# Task prompt
Taking the line with "Ontvang -30% op" as the first, copy every line through the end of the records below exactly. Do not include pictures.
------------------------------------------------
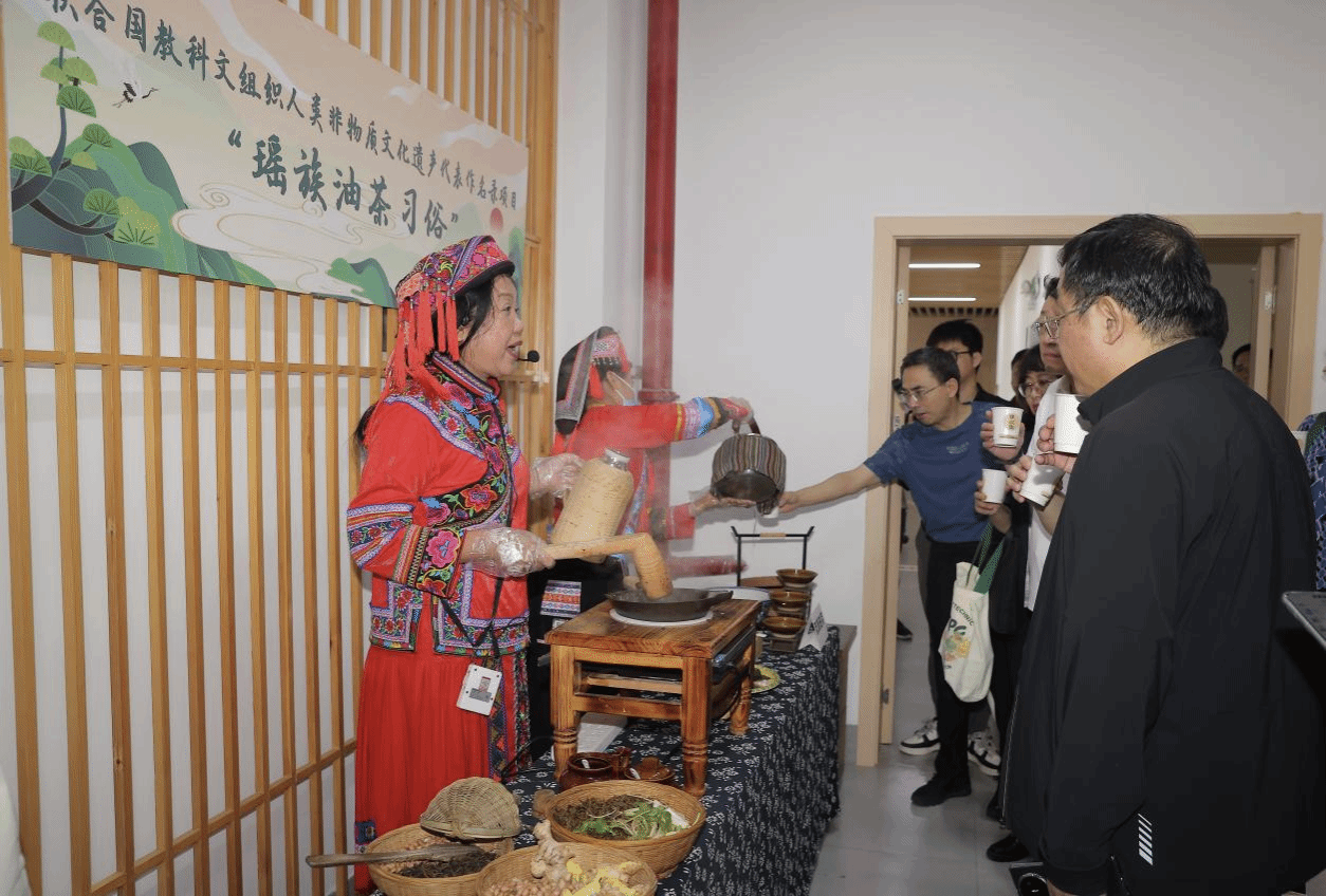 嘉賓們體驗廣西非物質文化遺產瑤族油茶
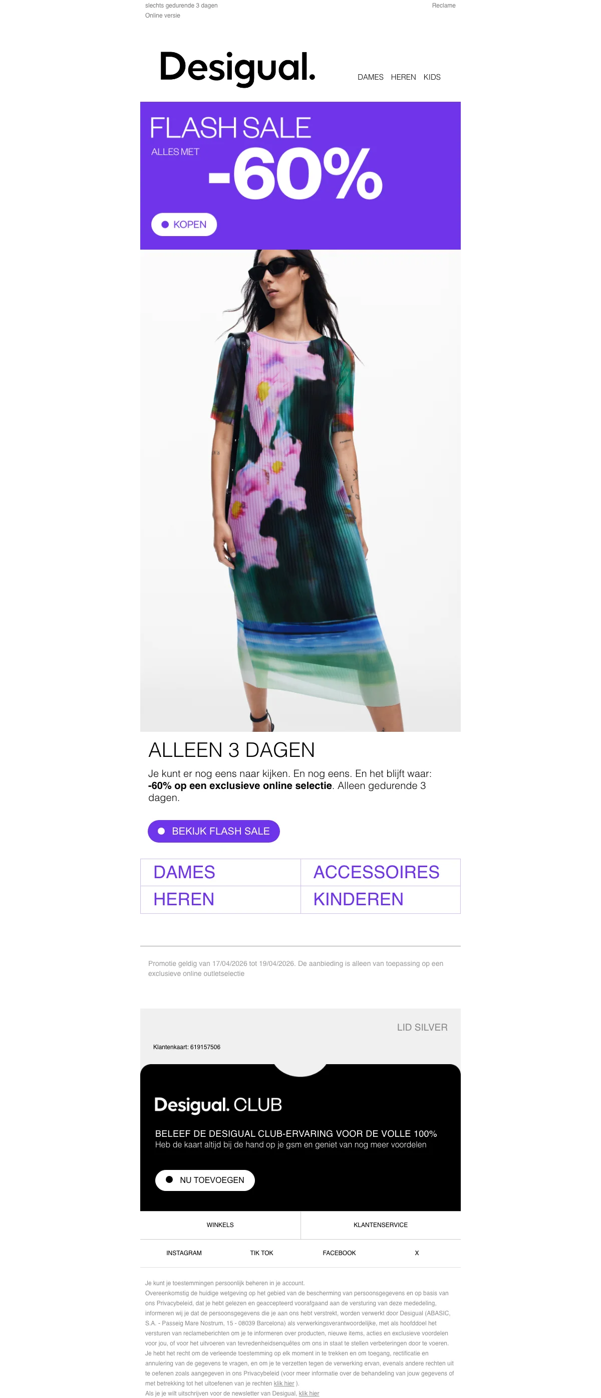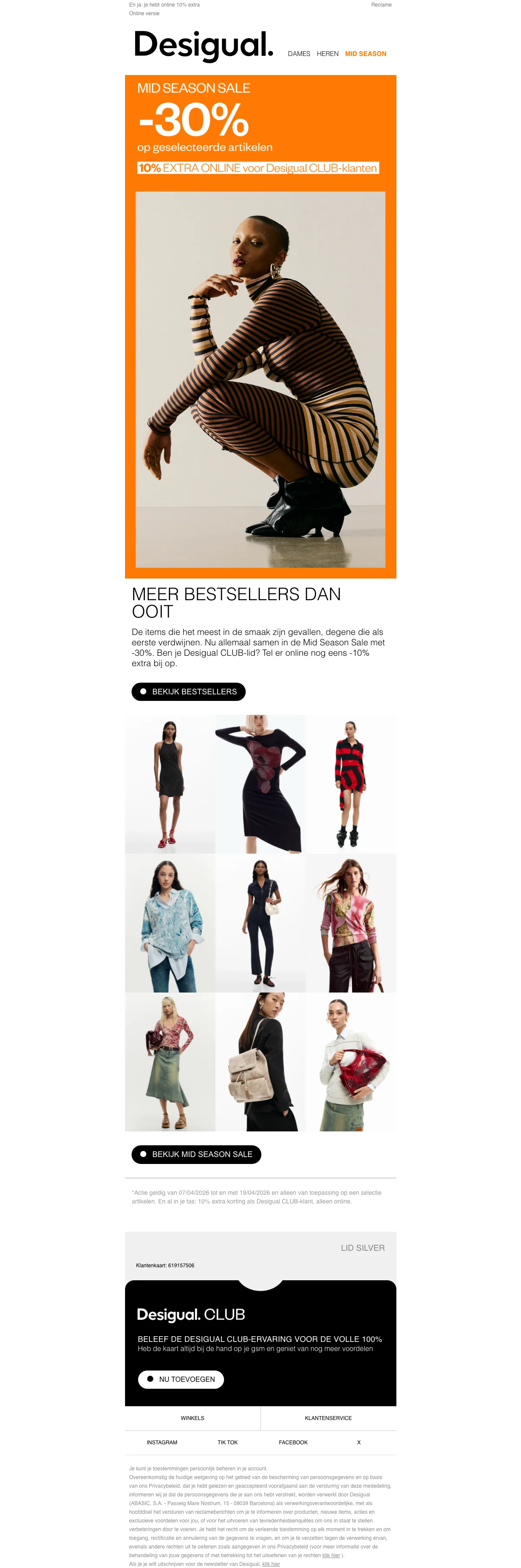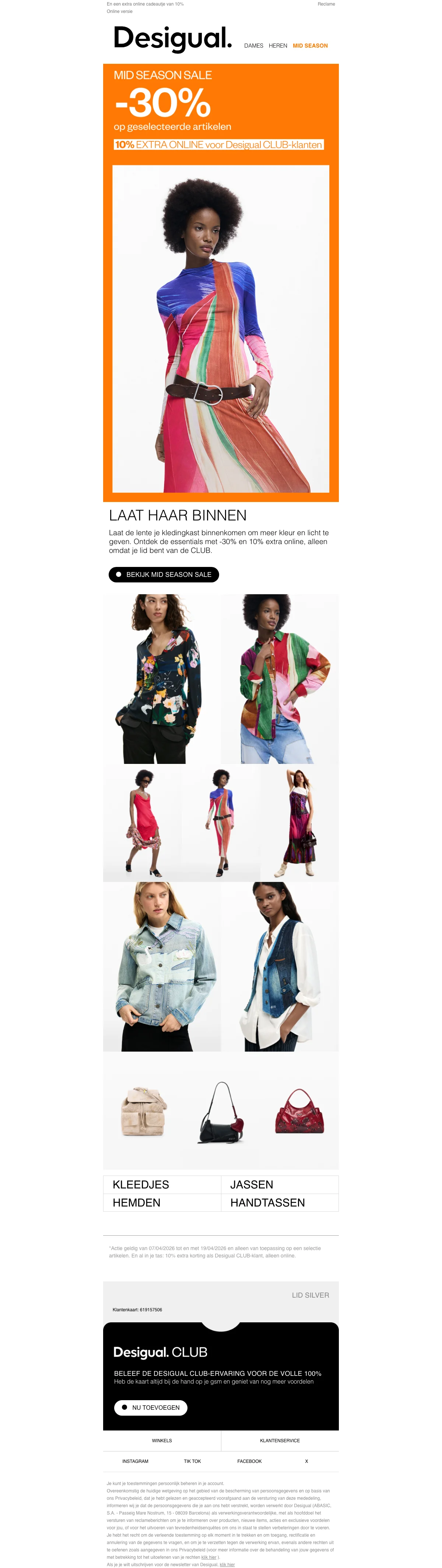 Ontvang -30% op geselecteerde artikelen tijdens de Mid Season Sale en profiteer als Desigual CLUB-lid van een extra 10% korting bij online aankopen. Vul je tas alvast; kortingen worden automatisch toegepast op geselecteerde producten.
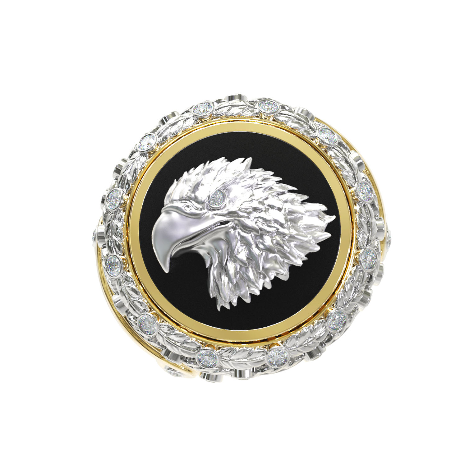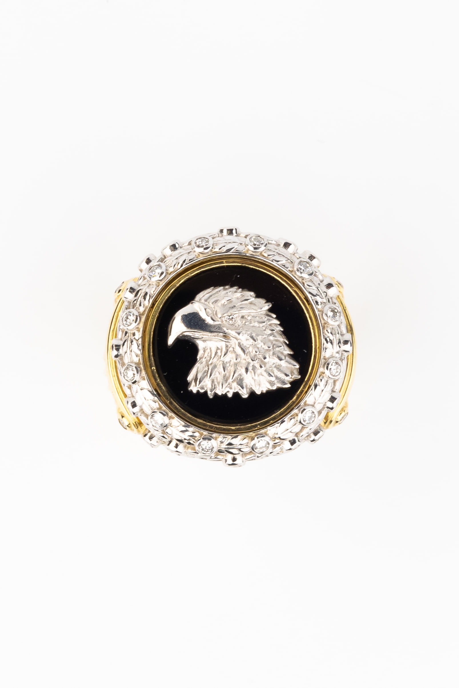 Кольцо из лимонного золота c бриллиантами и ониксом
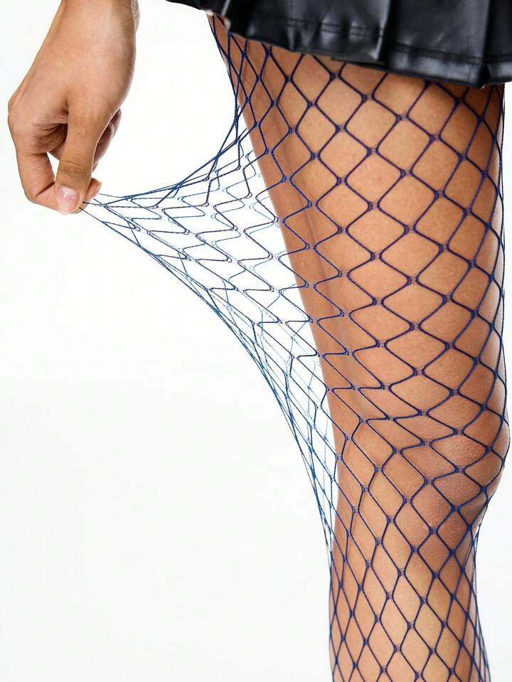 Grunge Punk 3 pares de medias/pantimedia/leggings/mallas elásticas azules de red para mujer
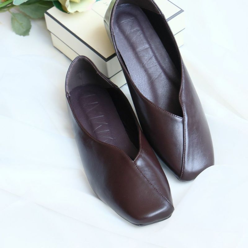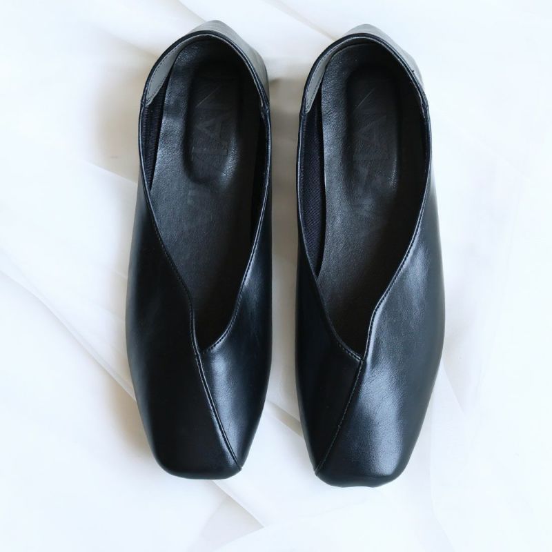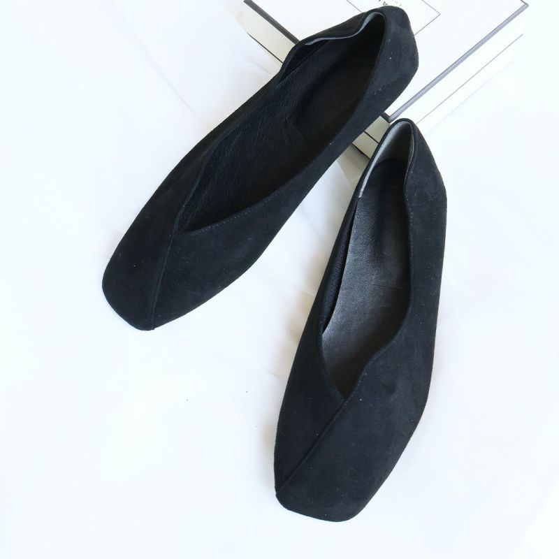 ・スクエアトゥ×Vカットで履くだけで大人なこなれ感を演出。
------------------------------------------------
# Result of this task
 Ontvang -30% op geselecteerde artikelen tijdens de Mid Season Sale en profiteer als Desigual CLUB-lid van een extra 10% korting bij online aankopen. Vul je tas alvast; kortingen worden automatisch toegepast op geselecteerde producten.
 Кольцо из лимонного золота c бриллиантами и ониксом
 Grunge Punk 3 pares de medias/pantimedia/leggings/mallas elásticas azules de red para mujer
 ・スクエアトゥ×Vカットで履くだけで大人なこなれ感を演出。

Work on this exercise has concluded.